─── Data for processing ───

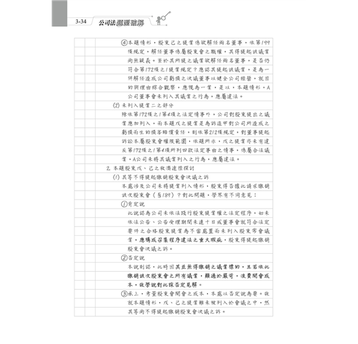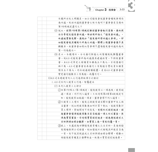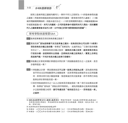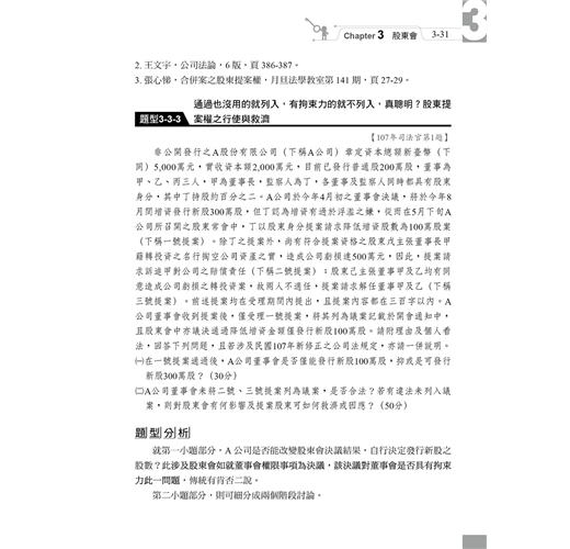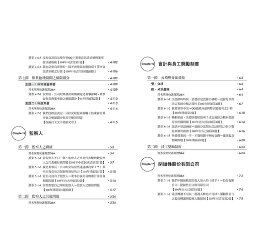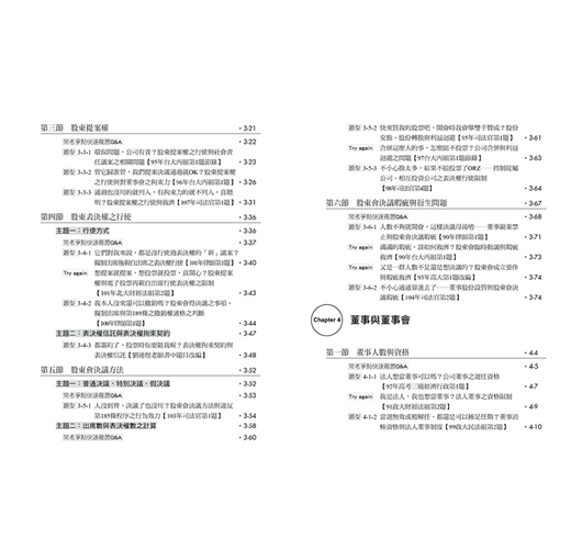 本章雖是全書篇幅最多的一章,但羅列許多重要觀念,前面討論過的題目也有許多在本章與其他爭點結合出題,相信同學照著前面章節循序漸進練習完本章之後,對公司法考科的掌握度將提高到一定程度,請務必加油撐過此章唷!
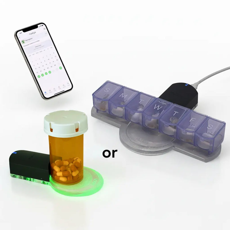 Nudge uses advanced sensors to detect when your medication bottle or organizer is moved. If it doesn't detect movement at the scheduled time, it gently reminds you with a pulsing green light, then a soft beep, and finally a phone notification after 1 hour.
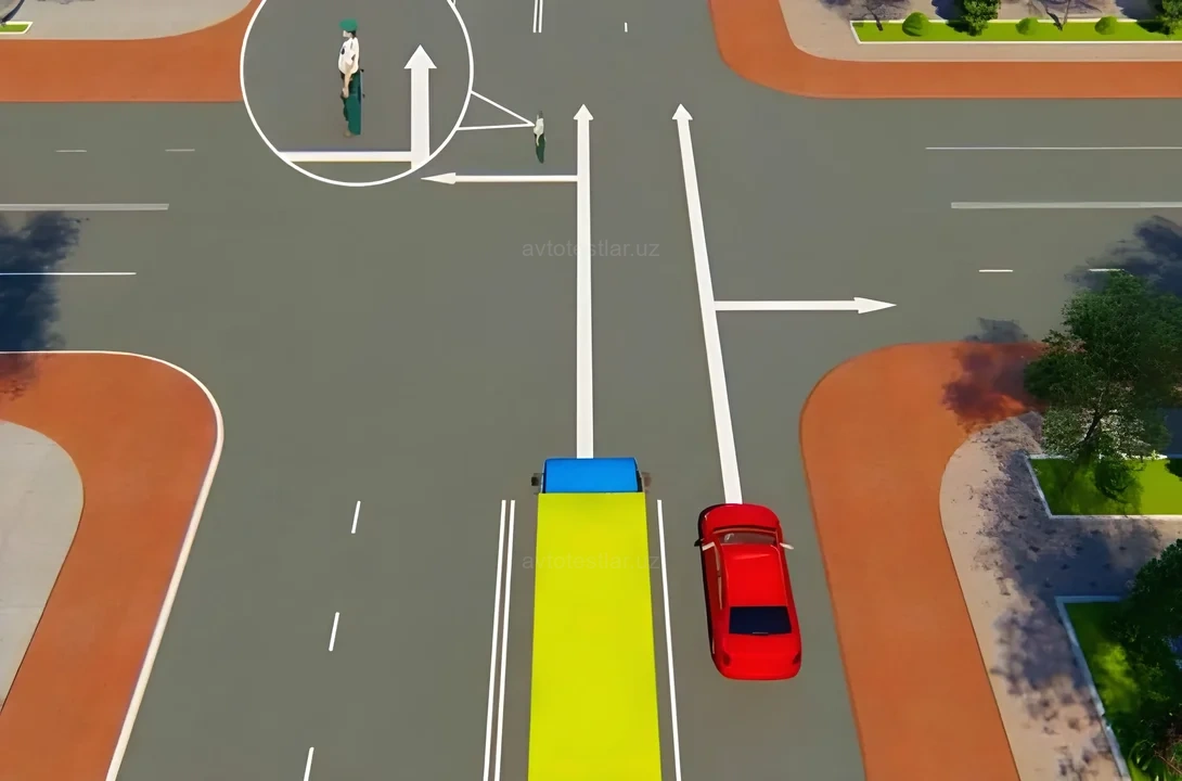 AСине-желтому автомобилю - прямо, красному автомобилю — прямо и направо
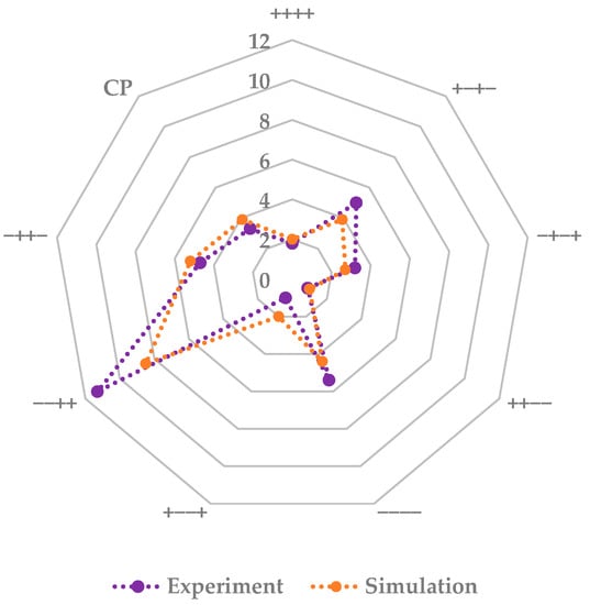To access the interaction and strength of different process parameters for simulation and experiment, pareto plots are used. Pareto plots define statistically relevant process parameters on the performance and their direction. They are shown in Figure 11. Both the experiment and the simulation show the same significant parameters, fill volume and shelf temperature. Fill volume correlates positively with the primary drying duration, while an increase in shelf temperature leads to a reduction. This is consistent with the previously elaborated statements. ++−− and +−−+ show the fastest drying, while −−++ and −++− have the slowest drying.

───
─── Data for processing ───

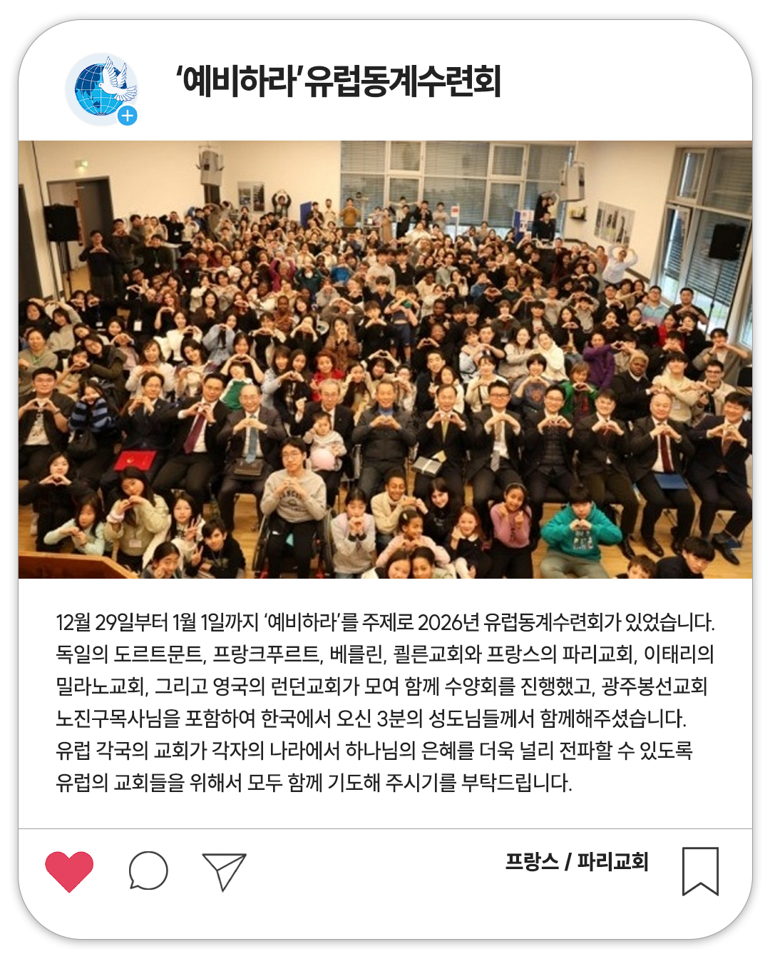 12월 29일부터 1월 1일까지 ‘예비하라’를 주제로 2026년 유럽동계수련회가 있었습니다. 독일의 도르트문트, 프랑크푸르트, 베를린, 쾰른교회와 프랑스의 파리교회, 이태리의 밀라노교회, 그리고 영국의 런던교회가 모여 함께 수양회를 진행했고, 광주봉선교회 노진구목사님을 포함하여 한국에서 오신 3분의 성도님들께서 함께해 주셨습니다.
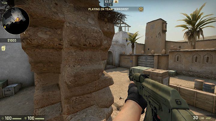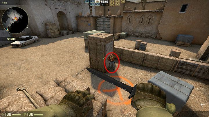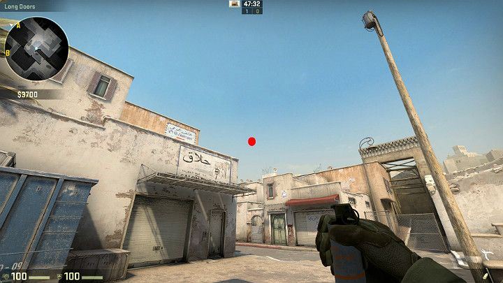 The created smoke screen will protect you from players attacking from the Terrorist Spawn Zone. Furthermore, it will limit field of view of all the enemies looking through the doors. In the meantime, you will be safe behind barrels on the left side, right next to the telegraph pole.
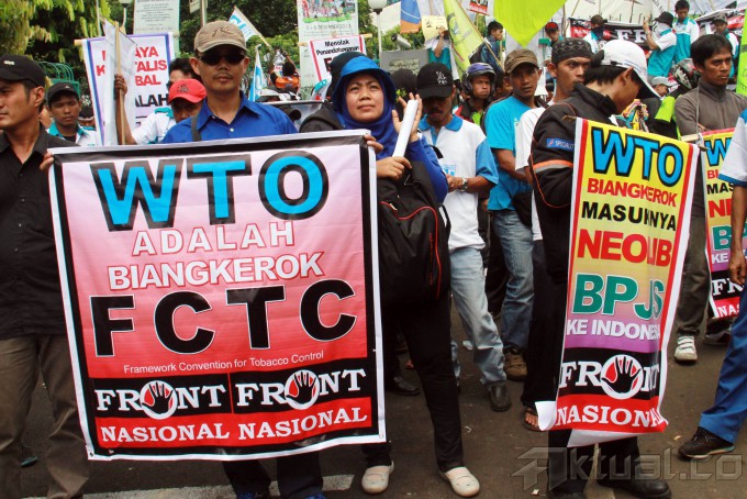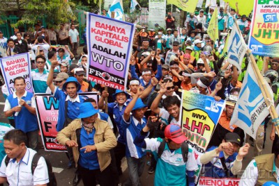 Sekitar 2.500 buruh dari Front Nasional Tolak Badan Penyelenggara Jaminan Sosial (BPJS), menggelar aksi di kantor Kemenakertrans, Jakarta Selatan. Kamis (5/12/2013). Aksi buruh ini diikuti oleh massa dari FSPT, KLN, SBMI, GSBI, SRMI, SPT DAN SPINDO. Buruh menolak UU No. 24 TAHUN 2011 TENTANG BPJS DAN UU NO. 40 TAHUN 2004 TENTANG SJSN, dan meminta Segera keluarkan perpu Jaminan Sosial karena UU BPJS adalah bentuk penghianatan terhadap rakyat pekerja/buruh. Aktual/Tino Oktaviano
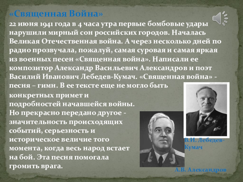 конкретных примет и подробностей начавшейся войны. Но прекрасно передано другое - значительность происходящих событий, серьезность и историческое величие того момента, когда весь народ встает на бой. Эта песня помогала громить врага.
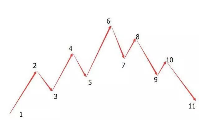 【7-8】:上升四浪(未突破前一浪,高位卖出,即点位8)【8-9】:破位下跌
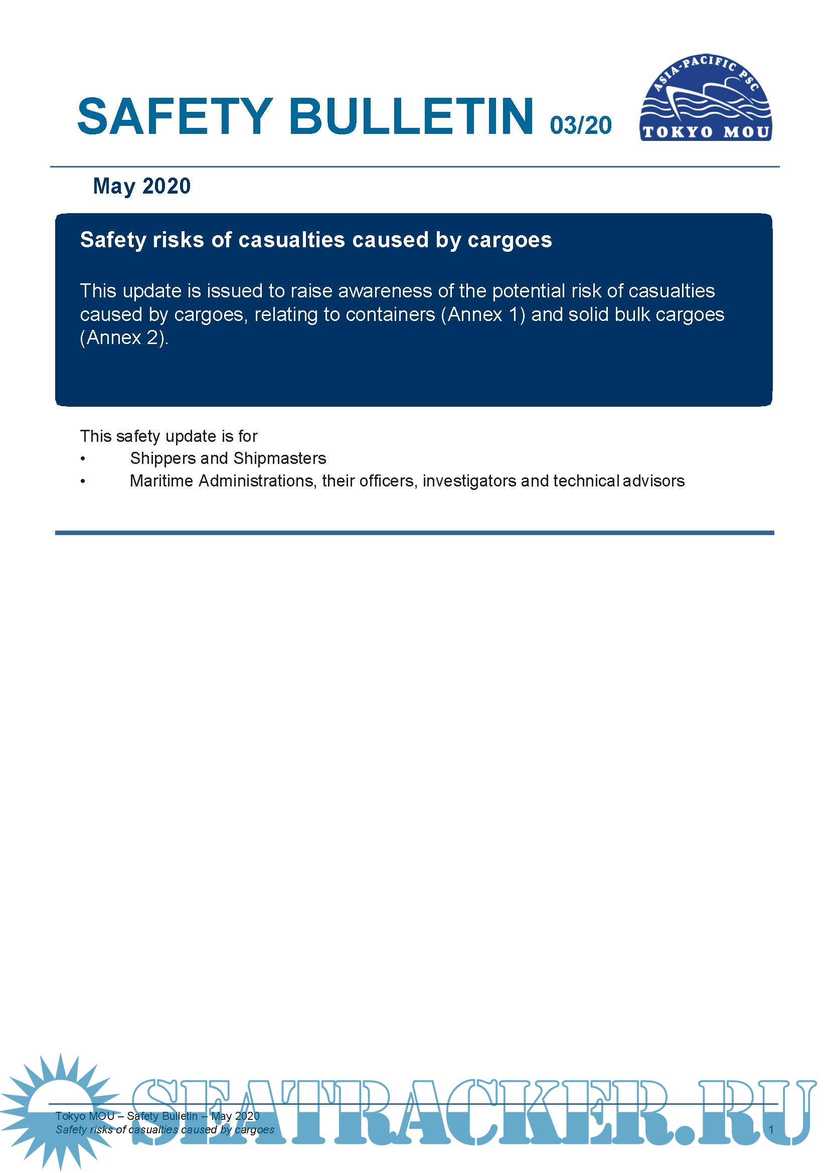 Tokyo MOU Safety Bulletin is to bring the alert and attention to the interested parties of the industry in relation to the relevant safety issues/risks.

───

# Exercise aim
What is needed is an exact copy of only the lines above from the one with "本章雖是全書篇幅最多的一章,但羅列許多重" to the one with "To access the", both kept, with every picture left out.

# Solution to the problem
 本章雖是全書篇幅最多的一章,但羅列許多重要觀念,前面討論過的題目也有許多在本章與其他爭點結合出題,相信同學照著前面章節循序漸進練習完本章之後,對公司法考科的掌握度將提高到一定程度,請務必加油撐過此章唷!
 Nudge uses advanced sensors to detect when your medication bottle or organizer is moved. If it doesn't detect movement at the scheduled time, it gently reminds you with a pulsing green light, then a soft beep, and finally a phone notification after 1 hour.
 AСине-желтому автомобилю - прямо, красному автомобилю — прямо и направо
To access the interaction and strength of different process parameters for simulation and experiment, pareto plots are used. Pareto plots define statistically relevant process parameters on the performance and their direction. They are shown in Figure 11. Both the experiment and the simulation show the same significant parameters, fill volume and shelf temperature. Fill volume correlates positively with the primary drying duration, while an increase in shelf temperature leads to a reduction. This is consistent with the previously elaborated statements. ++−− and +−−+ show the fastest drying, while −−++ and −++− have the slowest drying.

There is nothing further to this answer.